From the first line to the last, write out the records exactly, leaving the pictures behind.

(Collected data entries)

────────

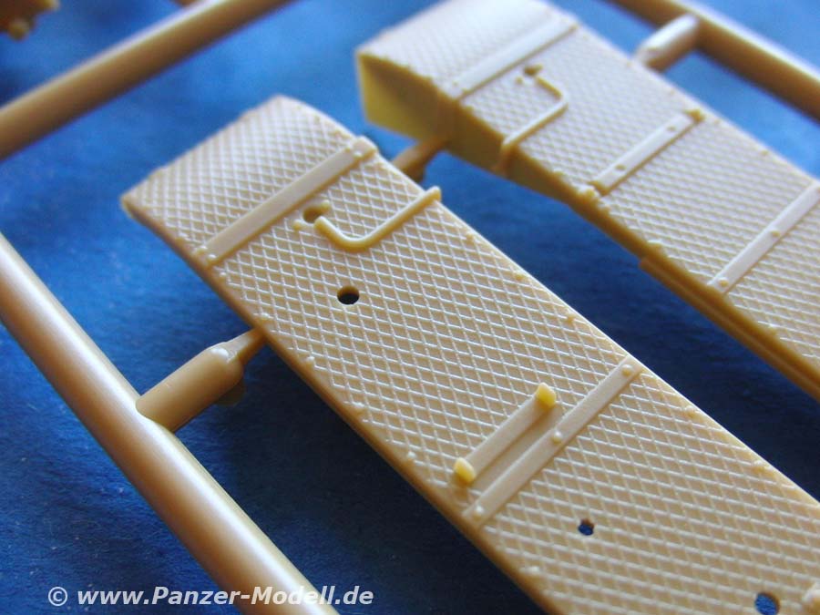 Die Ketten sind Einzelgliedketten die allerdings noch am Spritzling sind und abgetrennt und versäubert werden müssen - jedes Glied ist an vier Punkten am Spritzling befestigt, was für einige Arbeit spricht. Dafür ist die Machart und Detailiierung der einzelnen Glieder hervorragend und auch hier die absolut korrekte Version für Ausf.D1
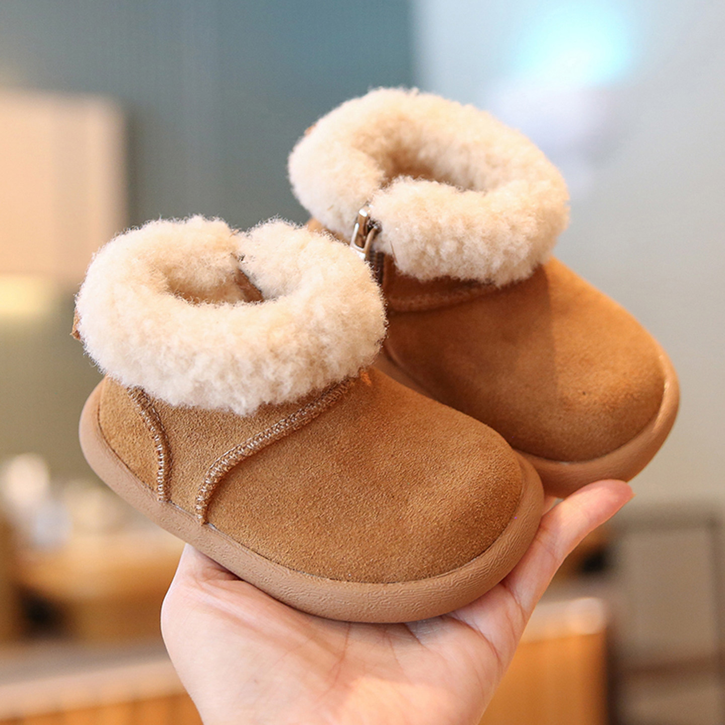 宝宝冬季棉鞋加绒加厚软底女宝学步鞋毛毛鞋婴幼儿鞋子男童雪地靴
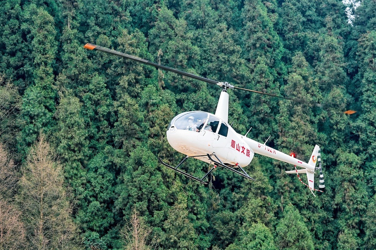 4月4日,随着一架观光直升机缓缓降落在瓦屋山游客中心,标志着眉山市首条跨场景低空观光航线试飞成功,低空经济应用场景实现新突破。
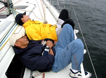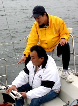 「ちこ2」には、今回マイランケさん、お友達のドイツ人の方が2人と、久しぶりに参加の戸塚さんが乗船し、日独交流の場となった模様。
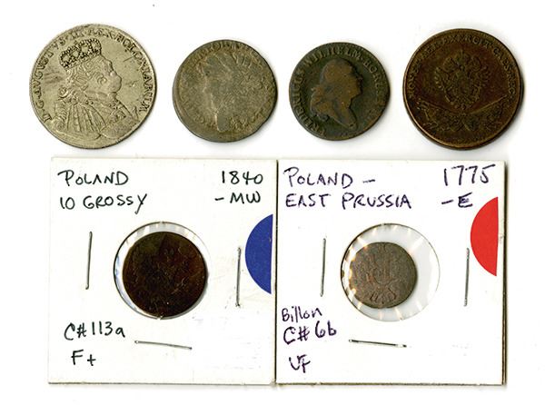 Poland, group of 6 coins, includes 18 Groszy (Tympf), 1754, KM-148.2 from August III's reign, VF-XF; Szostak, 1763, KM-117 from Danzig, about Fine; Solidus, 1775, C# 6B from Friedrich II's rule of the Prussian Possession, VF; 3 Grosz, 1794, C# 5 from Galizia and Lodomeria, VF; and 1 Grosz, 1797, C# 3, Fine+ from the Province of Poland. Also included from the Kingdom of Poland under Nicholas I, 1840, C# 113a in Fine+ condition.
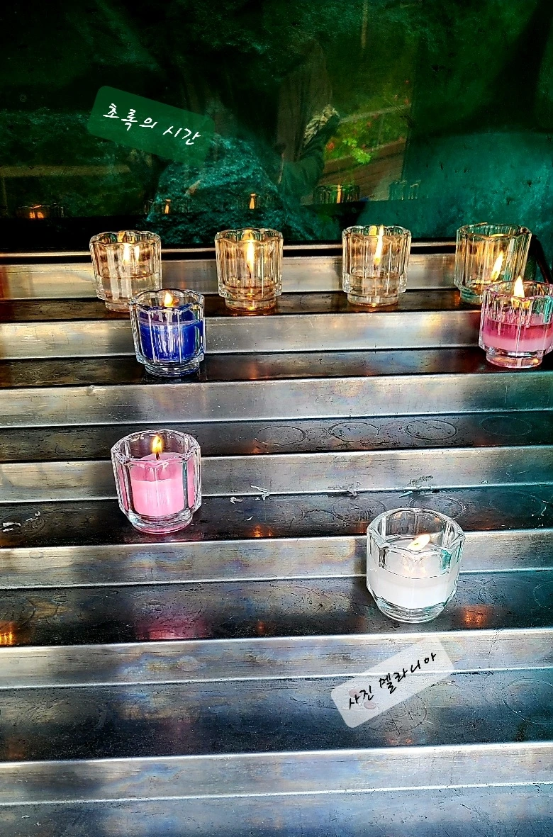 분홍으로 밝혀진 기도 초를 보며

────────

ANSWER AREA »
 Die Ketten sind Einzelgliedketten die allerdings noch am Spritzling sind und abgetrennt und versäubert werden müssen - jedes Glied ist an vier Punkten am Spritzling befestigt, was für einige Arbeit spricht. Dafür ist die Machart und Detailiierung der einzelnen Glieder hervorragend und auch hier die absolut korrekte Version für Ausf.D1
 宝宝冬季棉鞋加绒加厚软底女宝学步鞋毛毛鞋婴幼儿鞋子男童雪地靴
 4月4日,随着一架观光直升机缓缓降落在瓦屋山游客中心,标志着眉山市首条跨场景低空观光航线试飞成功,低空经济应用场景实现新突破。
 「ちこ2」には、今回マイランケさん、お友達のドイツ人の方が2人と、久しぶりに参加の戸塚さんが乗船し、日独交流の場となった模様。
 Poland, group of 6 coins, includes 18 Groszy (Tympf), 1754, KM-148.2 from August III's reign, VF-XF; Szostak, 1763, KM-117 from Danzig, about Fine; Solidus, 1775, C# 6B from Friedrich II's rule of the Prussian Possession, VF; 3 Grosz, 1794, C# 5 from Galizia and Lodomeria, VF; and 1 Grosz, 1797, C# 3, Fine+ from the Province of Poland. Also included from the Kingdom of Poland under Nicholas I, 1840, C# 113a in Fine+ condition.
 분홍으로 밝혀진 기도 초를 보며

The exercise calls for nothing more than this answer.